Nothing in these Terms shall limit or exclude liability where such limitation or exclusion is prohibited by law.
13.Indemnification
The Client agrees to indemnify, defend, and hold harmless PaydAds, its directors, officers, employees, contractors, and affiliates from and against any and all claims, liabilities, damages, losses, penalties, fines, costs, and expenses (including reasonable legal fees) arising out of or in connection with:
- •The Client's business operations, products, or services
- •Any breach of these Terms or applicable laws
- •Any advertising content, materials, data, or information provided by the Client
- •Intellectual property infringement, regulatory violations, or misrepresentation related to the Client's business
- •Misuse of the services or platforms managed by PaydAds
This obligation shall survive termination of the agreement.
14.Third-Party Platforms
PaydAds may create, manage, or optimise campaigns using third-party platforms, software, or service providers, including advertising networks, analytics tools, hosting providers, and other digital platforms.
The Client acknowledges that PaydAds does not own or control such third-party platforms and shall not be liable for:
- •Platform outages, downtime, or technical failures
- •Account suspensions, restrictions, or bans imposed by the platform
- •Policy changes, compliance requirements, or enforcement actions
- •Algorithm updates or system modifications affecting performance
- •Changes in pricing, reach, targeting, or functionality
The Client remains solely responsible for complying with the terms, policies, and legal requirements of any third-party platform used in connection with the services.

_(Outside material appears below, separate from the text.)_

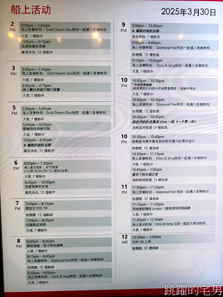 探索星號的船上活動超多,待在船上的時間一點也不會無聊…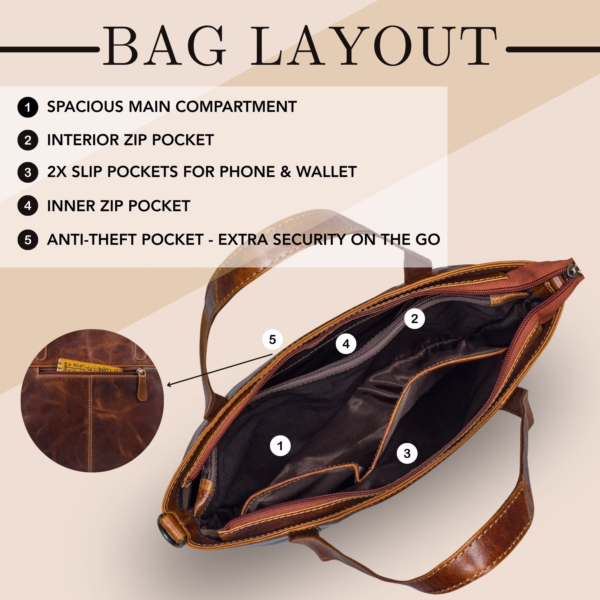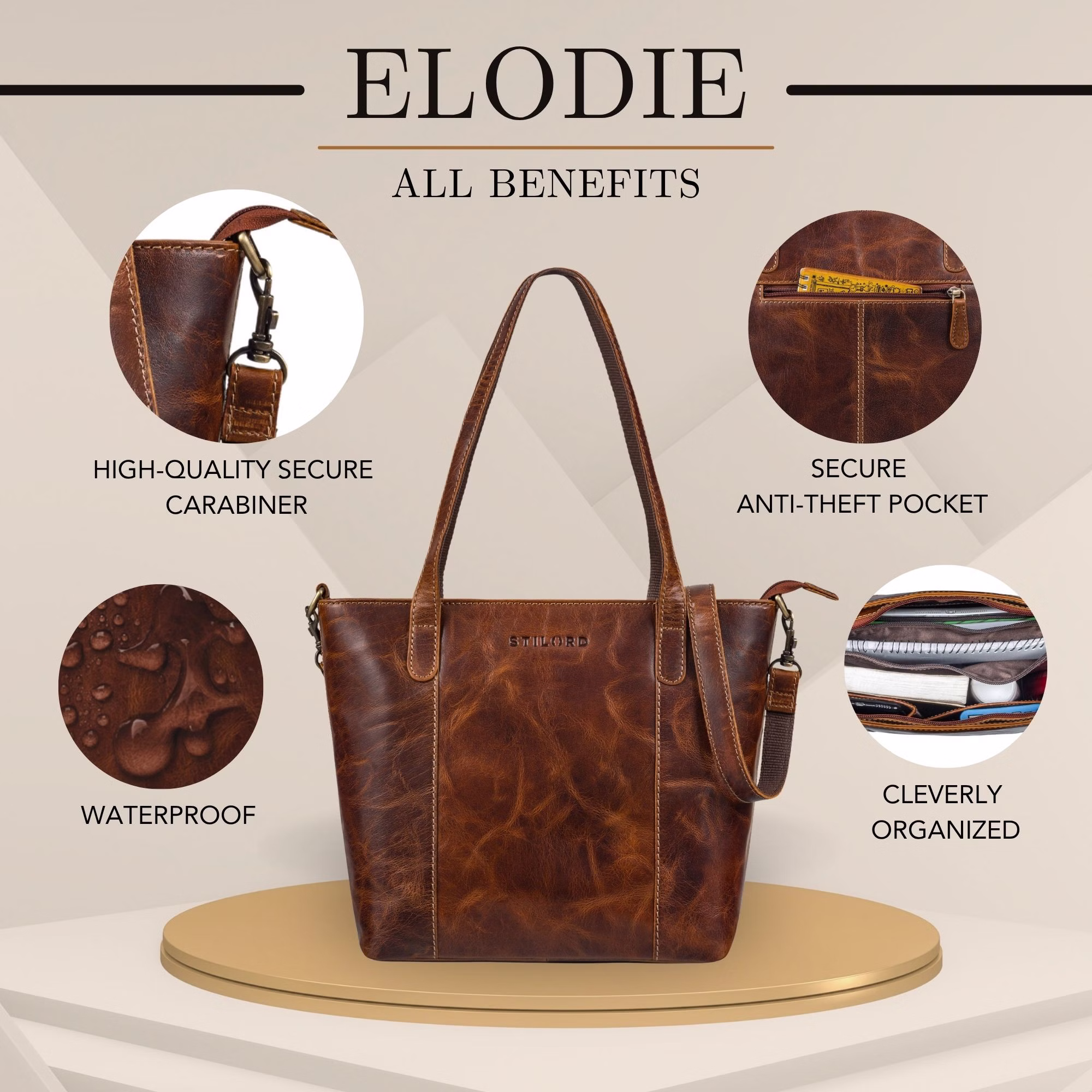 - INTELIGENTNA ORGANIZACJA: Bałagan w torebce? Nie z „Elodie”. Ta damska torebka ze skóry naturalnej to shopper z wieloma przegródkami: komora główna, kieszenie wewnętrzne i zewnętrzne mieszczą laptop do 13 cali, butelkę 1L, dokumenty A4, smartfon, klucze i kosmetyki – wszystko uporządkowane.

PaydAds shall not be responsible for any losses, delays, or performance fluctuations resulting from actions or decisions made by third-party platforms.
15.Governing Law
These Terms and any dispute or claim (including non-contractual disputes or claims) arising out of or in connection with them or their subject matter shall be governed by and construed in accordance with the laws of England and Wales.
The parties irrevocably agree that the courts of England and Wales shall have exclusive jurisdiction to settle any dispute or claim arising out of or in connection with these Terms.
16.Changes to These Terms
PaydAds reserves the right to amend or update these Terms from time to time to reflect changes in law, business practices, or service offerings.
Any updated version will be published on our website with a revised "Last Updated" date. Where appropriate, we may also notify Clients via email or written communication.
Continued use of our services following publication of the updated Terms shall constitute acceptance of the revised Terms.
If a Client does not agree to the updated Terms, they must cease use of the services and provide written notice of termination in accordance with the applicable cancellation provisions.
17.Contact
If you have any questions, concerns, or notices relating to these Terms, please contact PaydAds through the official contact page on our website.
Formal legal notices must be submitted in writing via the contact details provided on our website and will be deemed received once acknowledged by PaydAds.